ErbB2/HER2 Das CRISPR-Aktivierungsplasmid (m) ist ein aus drei Plasmiden bestehendes synergistisches Aktivierungsmediator-System (SAM), das für eine hocheffiziente, ortsspezifische transkriptionelle Hochregulation des Erbb2-Lokus in menschlichen Zelllinien entwickelt wurde. Das System basiert auf einem katalytisch inaktiven Cas9 (dCas9), das zwei inaktivierende Mutationen (D10A und N863A) trägt, welche die Nukleaseaktivität eliminieren, während die DNA-Bindung erhalten bleibt. Dieses dCas9 ist mit VP64, einem potenten Transkriptionsaktivator, fusioniert und wird zusammen mit einem Blasticidin-Resistenzgen zur Selektion koexprimiert. Das zweite Plasmid kodiert das MS2-p65-HSF1-Fusionsprotein, einen sekundären Aktivatorkomplex, der zusammen mit dCas9-VP64 wirkt, sowie ein Hygromycin-Resistenzgen. Das dritte Plasmid kodiert für eine zielspezifische 20-nt-sgRNA, die an zwei MS2-RNA-Aptamere fusioniert ist, welche den MS2-p65-HSF1-Komplex an die Aktivierungsstelle rekrutieren, begleitet von einem Puromycin-Resistenzgen. Die drei Plasmide werden im Massenverhältnis 1:1:1 verabreicht, um eine ausgewogene Expression aller Systemkomponenten zu gewährleisten.

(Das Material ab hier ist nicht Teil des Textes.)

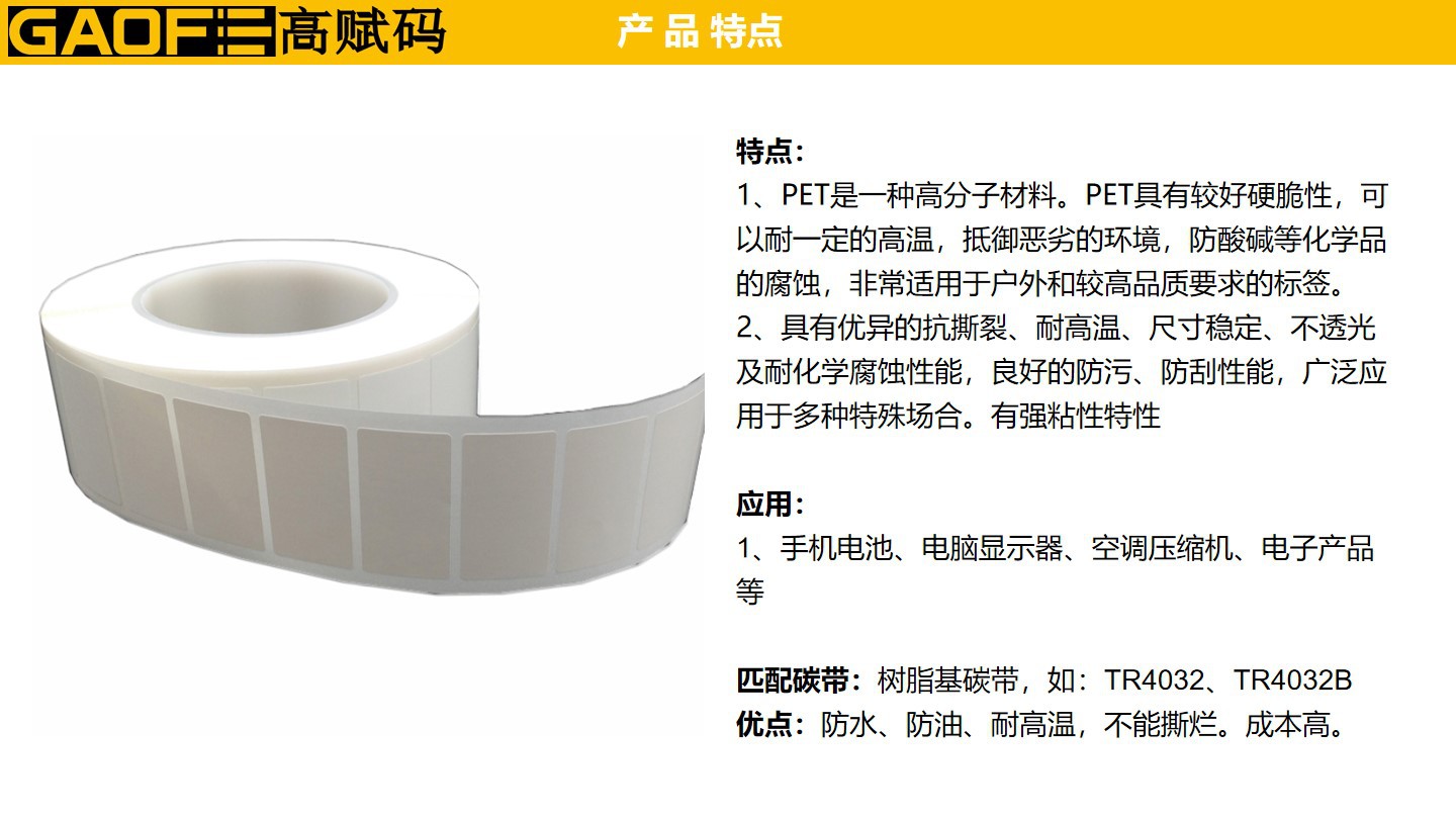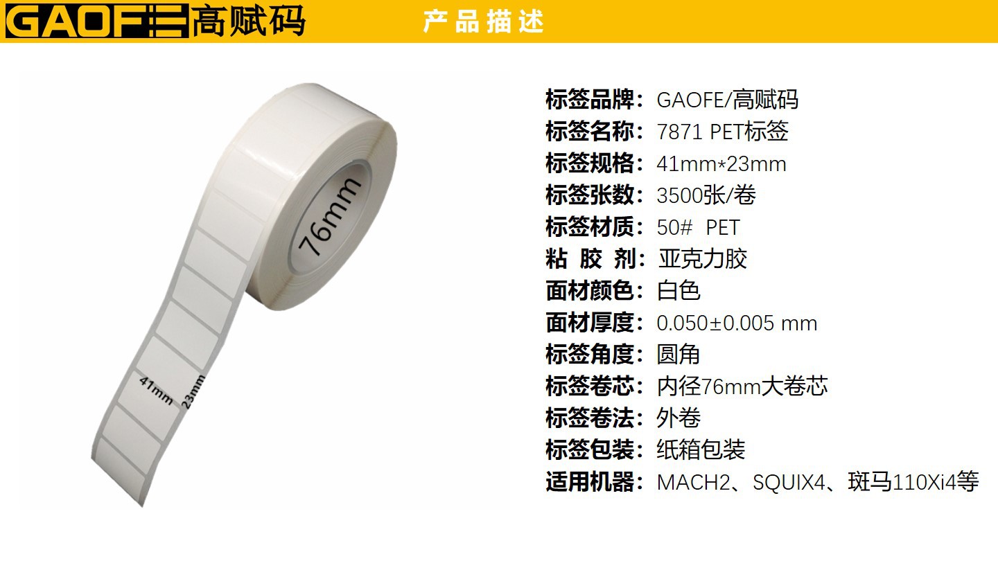 7871 超粘不干膠PET標簽 強粘PET貼紙 41mm*23mm PET標簽-高賦碼
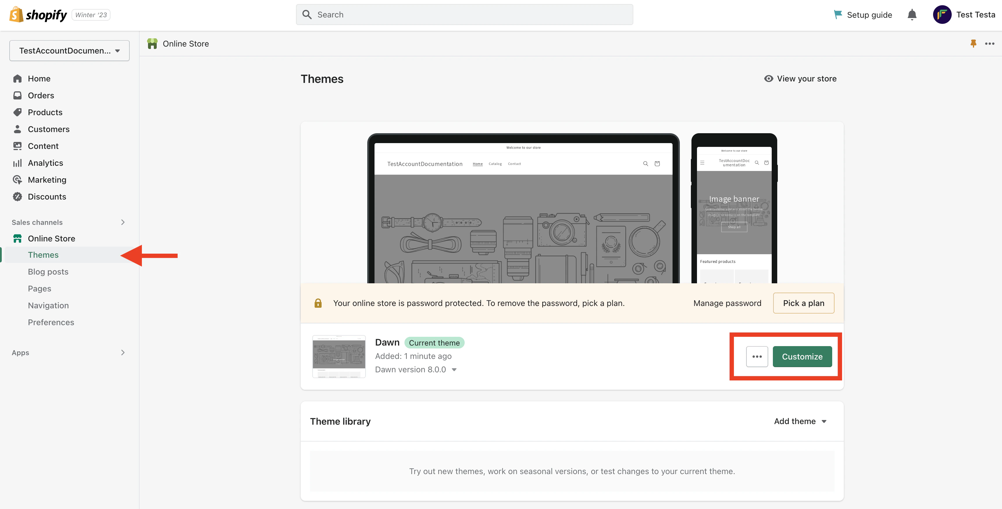 - Go to Shopify store admin > Sales channels > Online Store > Themes and click Customize.
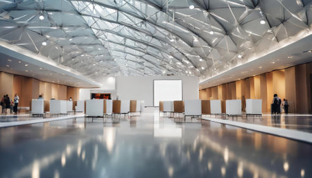 Attendees engage in a major political conference in a modern hall with sleek designs and high-tech screens showcasing key information.
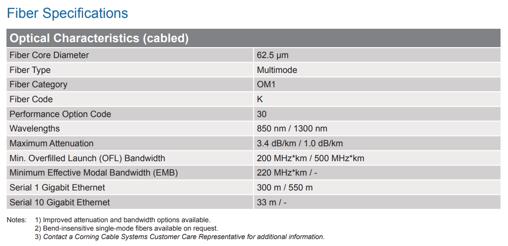 6 F, 62.5 µm multimode (OM1)
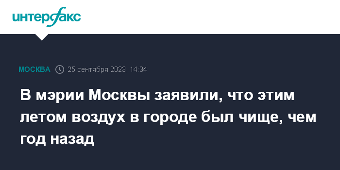 Москва. 25 сентября. INTERFAX.RU - Минувшим летом атмосферный воздух в Москве был чище, чем летом 2022 года; сохраняется положительная тенденция снижения средних концентраций загрязняющих веществ, сообщил журналистам исполняющий обязанности заместителя мэра города по вопросам ЖКХ и благоустройства Петр Бирюков.

Nach der Assemblierung am Zielort bindet der SAM-Komplex etwa 200 bp stromaufwärts der Erbb2-Transkriptionsstartstelle, wo VP64, p65 und HSF1 gemeinsam die Transkriptionsmaschinerie rekrutieren und die Hochregulation der endogenen ErbB2/HER2-Expression vorantreiben. Im Gegensatz zu nukleaseaktivem Cas9 verursacht dCas9 keine Doppelstrangbrüche und verändert die genomische Sequenz nicht, wodurch der native Erbb2-Locus erhalten bleibt und die Untersuchung von ErbB2/HER2-abhängigen Transkriptionsreaktionen am endogenen Locus ermöglicht wird. Dies macht es zu einem wertvollen Werkzeug für Funktionsstudien, die Identifizierung von Zielgenen und die Modellierung der Wiederherstellung des ErbB2/HER2-Signalwegs in Tumorzellen mit stillgelegtem oder reduziertem Erbb2-Ausdruck.
Nur für Forschungszwecke. Nicht für diagnostische oder therapeutische Zwecke bestimmt.